A Home Relief Plan With Merit and Consequences
People who sign onto these programs are relinquishing the ownership of the house. The difference between the payoff value and the newly negotiated market price becomes a debt to the participant. Strict limits would be placed on their ability to hold credit. The ex-homeowner has proven by their situation that they do not grasp the risk of credit. A 5% increase in their taxes will be asses in order to pay off the remaining balance.
These previous occupants who were renting it from the bank have a few choices. They can stay and rent the residence from the new government agency who has the asset of time. The US government will hopefully be around for 50 or 60 years more if it takes that long. It shouldn’t. The appraisal should catch most impending large maintenance problems on the horizon. A rental agreement can be worked out to better suit the troubled home owner. 60% of all of the money collected would be applied towards the debt. The other 40% would be used to pay for taxes, insurance, and administrative expenses. This would be in addition to the 5% tax liability and help to speed along the paying off of the debt. As a side affect it would also hold down the demand on rental units that could be a backlash of so many people loosing their houses. When the debt is settled the option to purchase the home at the new market price should be made available. They could keep renting, but at the risks involved with that option. Much like when renting a home, from the moment the new price is set, the house will be available on the market. The ability to stay and rent is a courtesy extended but not a right. Of course the government will have a vested interest in the rental agreement at first as well.
Looking at a number example of how this would work. Let us say that you paid $100,000. The new government agency, using metrics based in realism, local salary averages, and on a 10 year loan, the new value of the house is set. Let us say in this case the house has lost 40% of its value. So the best market price expected is determined to be $60,000. The payoff price for home was $80,000. The government pays the bank the $80,000. The default homeowner now owes the government $20,000. Under the old terms the loan was costing the homebuyer $625 per month plus taxes and insurance. The new arrangement could be done at the rate of $450 per month straight rent. That would be based on a 5 year plan to pay of the $20,000 and $160 per month for expenses. The home owner would be responsible all financial responsibilities one would expect a renter to pay. Since the income tax is also being asses, it is possible for these debts to be paid off in 3 years or less.
Now the ex-homebuyer could just move out. Maybe they don’t have a job and/ or can’t afford the new terms. They will not feel the penalty until they get employed. Remember it is coming out in taxes. If you are not making money, you are not paying taxes, and you are not being restrained by your debt. Like I said, the government plans on being here a long time. It can wait.
In the end, the loan agency got the money back that they loaned out, plus whatever interest they had accumulated to that point. The government gets a piece of property valued appropriately for the new deflating market. The defunct homebuyer gets a term option for paying the debt back and a possible option for staying in the home.
There is a glut of vacant houses on the market. The same offer could be made to whoever is the current owner of a vacant house. The government will agree to try to fill it with displaced ex-home owners. The new agency will have a department dedicated to basically being land lords. There are unemployed home inspectors and realtors that could easily fill these positions.
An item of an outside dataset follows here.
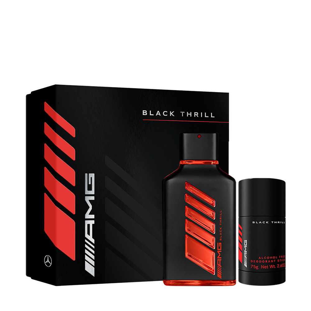 THRILL極速淡香精系列的名稱靈感源自AMG帶來的強烈感官體驗與對於高性能的渴望,推出了三款標誌作品,三款香氛展現出三種截然不同的個性,各自擁有專屬自己的風格、生活方式與世界觀,但同樣有著追求卓越的心態及享受著突破極限帶來的刺激感。
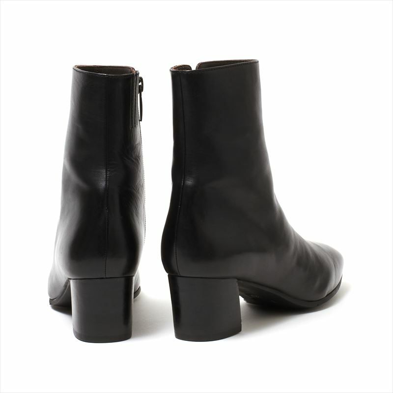 毎年人気のショートブーツから新色が登場です。今季の新色は非常にダークなブラウンカラー。センターに切り替えのあるシンプルなショートブーツはモードな印象の台形ヒールをアクセントに。足首がスッキリとしたラインですが、柔らかなイタリアンソフトカーフレザーを使用している為、足をふんわり包み込むような履き心地のブーツです。

As a home owner, you sign up for the program. Your house is assessed and devalued. It becomes an asset to the US government. The current owner now owes the government housing relief agency the new value. No interest, and new terms. The same 5% tax on income also is invoked. The difference is that the government agency collects the difference between the pay off value and the newly assessed market value from the renter they placed in the home. More then likely renters who were once responsible home owners. Here is were terms cold get into the 10 year or longer term.
In this case basically you are taking a house that is empty and owned by a person who is struggling to pay for it. It gives an option to those who have lost their jobs but don't want to loose their house. They have moved in with relatives or lower cost housing arrangements. They are renting to people who have lost their homes. As in the first case this splits the obligation to repay. They have an opportunity to keep the home. Rent for the house can be made more affordable.
This plan should be a limited time offer. Say one year it will be offered to those who want to take advantage of it. Anybody hired to participate in the program should know that the temporary jobs are only expected to last 10 years. It should be coupled with new regulations on credit and home loaning. The biggest new regulation being that no loan can be made for more then 10 years.
This plan is based on the acknowledgment of two realities. 1) The housing market has been over priced for years. While everybody calls the sale price the “market price” in reality the market price has been the amount people have been willing to pay over the terms of the loan. In most cases that has been 2 to 2.5 times the sales price. 2) That the only people who can be burdened with the cost of these bad financial decisions are the ones who agreed to pay them. That is how our system works. The government guarantees you have the right to the opportunity of life liberty and happiness. However, it doesn’t guarantee these attributes to you.
Of course my usual discloser that says, “If we don't stop sending our capital to economies that are subsidies by socialist and communist social programs. We will never get ahead. (National health care, free education, housing subsidized, energy cost reductions) These are things that in the free market economy must be paid for by the employer or the employee. Until our capital stops leaving our economy faster then we bring it in, we are destined to need programs like these.